━━━ Supplied records
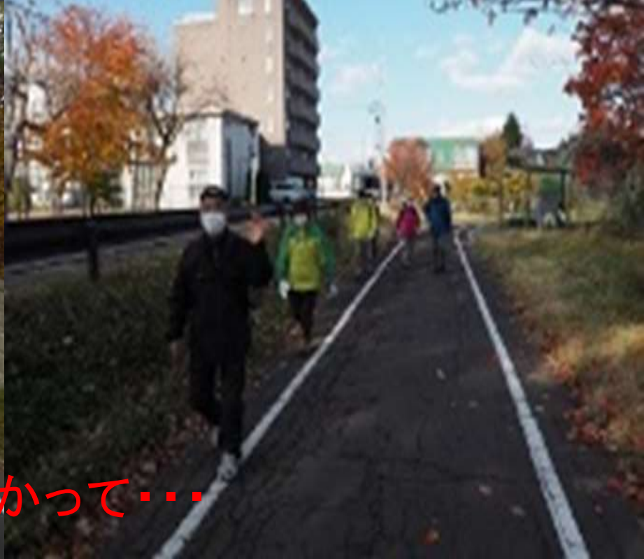
目的地に向かって・・・
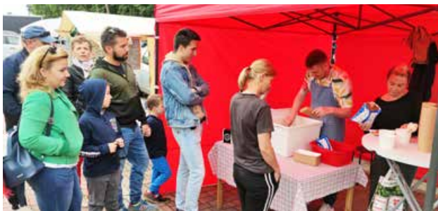
arch. UM Uniejów

Wprawdzie aura pogodowa była bardziej polska niż meksykańska, ale jak wiadomo klimat tworzą ludzie, a ci jak zawsze nie zawiedli. Dobre nastroje dopisywały i goście rozgrzani meksykańską muzyką dali się porwać rytmom meksykańskiej fiesty... jak na „Niedzielę w meksykańskich rytmach” przystało.
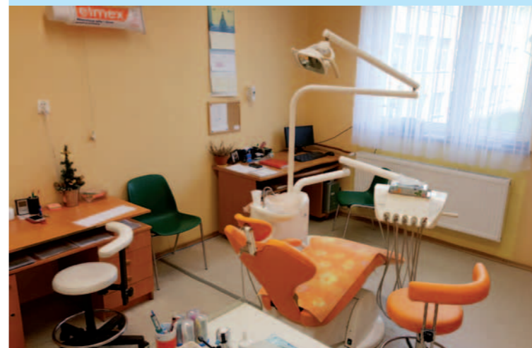
Gabinet stomatologiczny w ZS nr 1 w Dukli
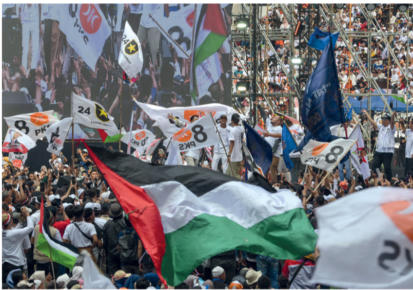
اندونيسيون يلوحون بالعلم الفلسطيني، حيث يحضر عشرات الآلاف تجمعًا انتخابيًا في استاد جاكارتا الدولي
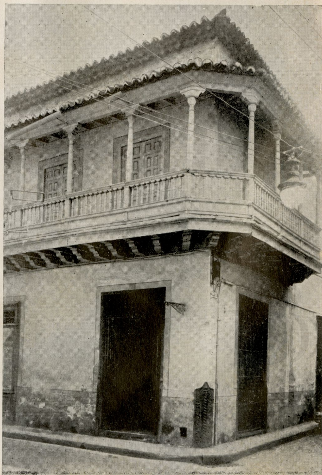
El efecto decorativo de los balcones de la época colonial puede apreciarse en este edificio situado en la esq. de Aguiar y Tte. Rey.

Pero, ¿y qué decir de los balcones?... Porque si en el sentir de Vasari las ventanas son en la fachada de la casa como los ojos en la cara del hombre, ¿no podemos decir de los balcones coloniales que son los labios?... Ellos vigorizan, con su firme acentuación, o animan con su gracia sugestiva, las fachadas coloniales, como los labios dan énfasis y expresión a la cara; y, siguiendo el símil, podemos decir que por el intermedio de ellos “gustaba” el sujeto, aun con mayor delectación que por las ventanas, los diversos manjares callejeros: el vecino que pasa, el novio que acecha en la esquina, la procesión
━━━━━━
Task brief
Set down again, exactly, the lines from the one with "Gabinet stomatologiczny w ZS nr 1 w Dukli" to the last line of the data, both included and pictures excluded.

Solution for this task
Gabinet stomatologiczny w ZS nr 1 w Dukli
اندونيسيون يلوحون بالعلم الفلسطيني، حيث يحضر عشرات الآلاف تجمعًا انتخابيًا في استاد جاكارتا الدولي
El efecto decorativo de los balcones de la época colonial puede apreciarse en este edificio situado en la esq. de Aguiar y Tte. Rey.

Pero, ¿y qué decir de los balcones?... Porque si en el sentir de Vasari las ventanas son en la fachada de la casa como los ojos en la cara del hombre, ¿no podemos decir de los balcones coloniales que son los labios?... Ellos vigorizan, con su firme acentuación, o animan con su gracia sugestiva, las fachadas coloniales, como los labios dan énfasis y expresión a la cara; y, siguiendo el símil, podemos decir que por el intermedio de ellos “gustaba” el sujeto, aun con mayor delectación que por las ventanas, los diversos manjares callejeros: el vecino que pasa, el novio que acecha en la esquina, la procesión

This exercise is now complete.